Adding to participants’ frustration by revealing further institutional knowledge deficiencies, the lack of support also magnifies the risks of book bans by distancing librarians from their professional community. While associations have since started to respond more constructively, including through organising training events, the initial inability to help increased the potential severity of events by undermining a sense of collective endeavour as well as intersubjective forms of identity.
Disclosing
A final way in which participants become informed about the risks of book bans is through disclosing information about events to professional colleagues. Referring to making new or previously secret information known to people, disclosing informs risk by encouraging information sharing; in situating colleagues in relation to the book ban challenges they are facing, participants become privy to localised or fragmented forms of information that help to contextualise recent events: ‘and, as is so often the case, it turned out that there was a bigger story’ (S4). Yet, in drawing colleagues into a difficult situation, disclosing also mitigates risk by helping school librarians to either build or maintain the social connections on which they rely for emotional support. Thus, disclosing events to teachers who were ‘shocked that [the attack] had happened at all’ (S2) strengthens relationships in their immediate workplace. From another angle, the potential consequences of a book ban as well as school librarians’ ‘lone operator’ status (S4) means that disclosing also provides an important way through which participants gauge support for their position within the local context. Being ‘very upfront’ (S3) with a new employer about prior involvement within a book ban, for example, informs risk by helping to determine the likelihood of institutional support if another challenge were to arise. Providing insight into the vulnerable position of school librarians, participant efforts to control the flow of information also represent an agentic response to the uncertainty of this time.
Roping together
Increasing tension between professional ways of knowing, including frustration with what is perceived to form superficial (S1) or ‘racist’ (S9) forms of institutional knowledge, subsequently recentres participant information activity upon local community members, including fellow school librarians. Referred to as roping together, which is a technical term that describes how climbers tie themselves together to ensure safe passage across difficult terrain, joining forces with the local community represents a strategic form of cooperation that is designed to strengthen an ability to cope with the uncertainty of this time. Seen to bring different but often overlooked priorities to bear upon book ban challenges, these networks inform risk by connecting school librarians with the situated and experiential forms of information that are missing from the institutional sphere: That was another forum where I was saying ‘I’m getting a few challenges.’.’. Is anyone else experiencing that?’ And you’d feel like everyone would have a story (S1)

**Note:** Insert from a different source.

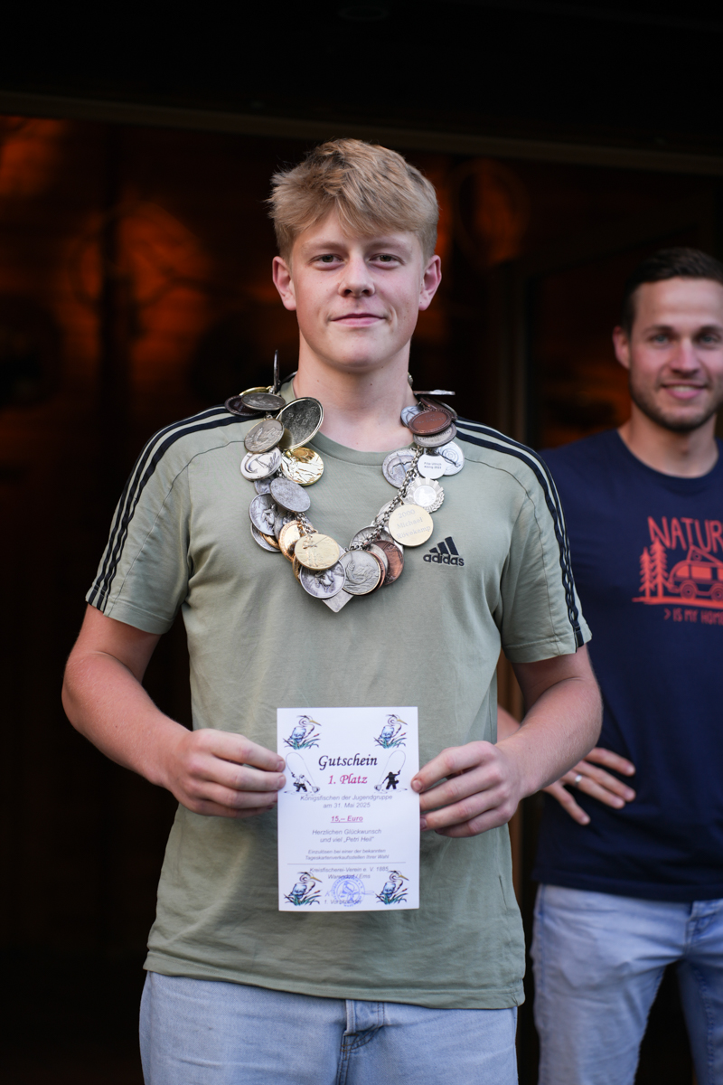 Nach dem Essen wurde es noch einmal offiziell: Die Siegerehrung des vergangenen Königsangelns stand auf dem Programm. In der Jugendwertung sicherte sich Johann Waten den Titel und durfte sich über die Königskette freuen. Bei den Senioren ging der Sieg an Heiner Alck, der damit nicht zum ersten Mal auf dem Thron steht – vielmehr wurde ihm die Königskette nun schon zum siebten Mal feierlich umgelegt – ein Titel, für den es eigentlich gar keine offizielle Bezeichnung mehr gibt. Ehrenkaiser? Zar der Ems? Uns gehen langsam die Namen aus ...

In turn, engaging with similarly situated others also strengthens participants’ ability to cope; the realisation that ‘even the most experienced school librarians.’.’. are nervous’ (S4) encourages a collective approach to managing difficulties created by the disruption of knowledge. Speaking to the importance of firsthand experience within an emerging risk scenario, this coming together of otherwise unconnected community members illustrates how roping together forms a strategic activity that supports wellbeing as well as the piecing together of more informed ways of knowing. This category will now be explained through the information activities of monitoring, observing and pooling.
Monitoring
The relative novelty of attacks coupled with, in some cases, secrecy enforced by the school in question, means that monitoring the media forms a particularly important way for school librarians to build their knowledge of book bans. Helping to expand a frame of reference beyond individual incidents, monitoring also informs risk by connecting participants with the situated forms of knowledge that are vital for managing the impact of challenges. One vital function that monitoring plays is to alert participants to what is relevant within risk information environments. The Lit Hub Daily newsletter, for example, is seen to be ‘very good.’.’. [on] .’.’. legal action that’s being taken and stuff’ (S6), while emails from the School Library Association help to draw attention to the existence of bad actor freedom of information requests (S3). Listening to ‘horror stories’ (S3) also provides warning of touchpoints that might provoke book ban action: I know in other schools where I’ve spoken to people.’.’. is maybe.’.’. ‘don’t put the pride display up’ or ‘you can have the books, but you can’t promote them’ (S3)
Beyond drawing attention to threats, monitoring for stories also provides a way for school librarians to self-assess their own preparedness to meet further book ban challenges: I mean, there’s always that slight feeling of have, is there something.’.’. out there that I should be doing, that I just don’t know about or haven’t found because of that professional isolation? (S1)
Incredulity that the self-categorised ‘low stakes’ of librarianship could result in ‘arrests’ and ‘death threats’ (S10) means that monitoring also informs risk by providing the means to reflect on professional activity, including the value and worth of school library work.
Observing
Concern that the voices of community members, including other parents and pupils, are often excluded from consideration in challenges to intellectual freedom (Leggatt, 2022: 51) means that observing local reactions forms another important way in which school librarians become informed about the risk of book bans. As one participant points out, the fact that one complaining parent always ‘trumps 47 other [non-complaining] parents’ (S9) often obscures alternative perspectives on the issue. In physically attending to the reactions of local community members, including through recognising validating gestures, school librarians demonstrate the importance of sensory and embodied information to becoming informed about risk. Observing how a Black parent ‘picked [a] book up, read the blurb, and sort of nodded’ (S4) at a title clearly aimed at Black girls, for example, was interpreted as a heartening indication of the wider community’s lack of support for censorship. The receipt of supportive letters (S3) and posters (S8) from pupils performed a similar function. At other times, participants purposefully engineered a situation to test community response; observing that key school members, including the rugby and the school leadership team, attended a photo opportunity at a community event provided a useful way to gauge the depth of local feeling: Most of [the school leadership team] came.’.’. and.’.’. regardless of, you know, where they’re at.’.’. the optics of that was important. Which I.’.’. took sort of comfort from (S4)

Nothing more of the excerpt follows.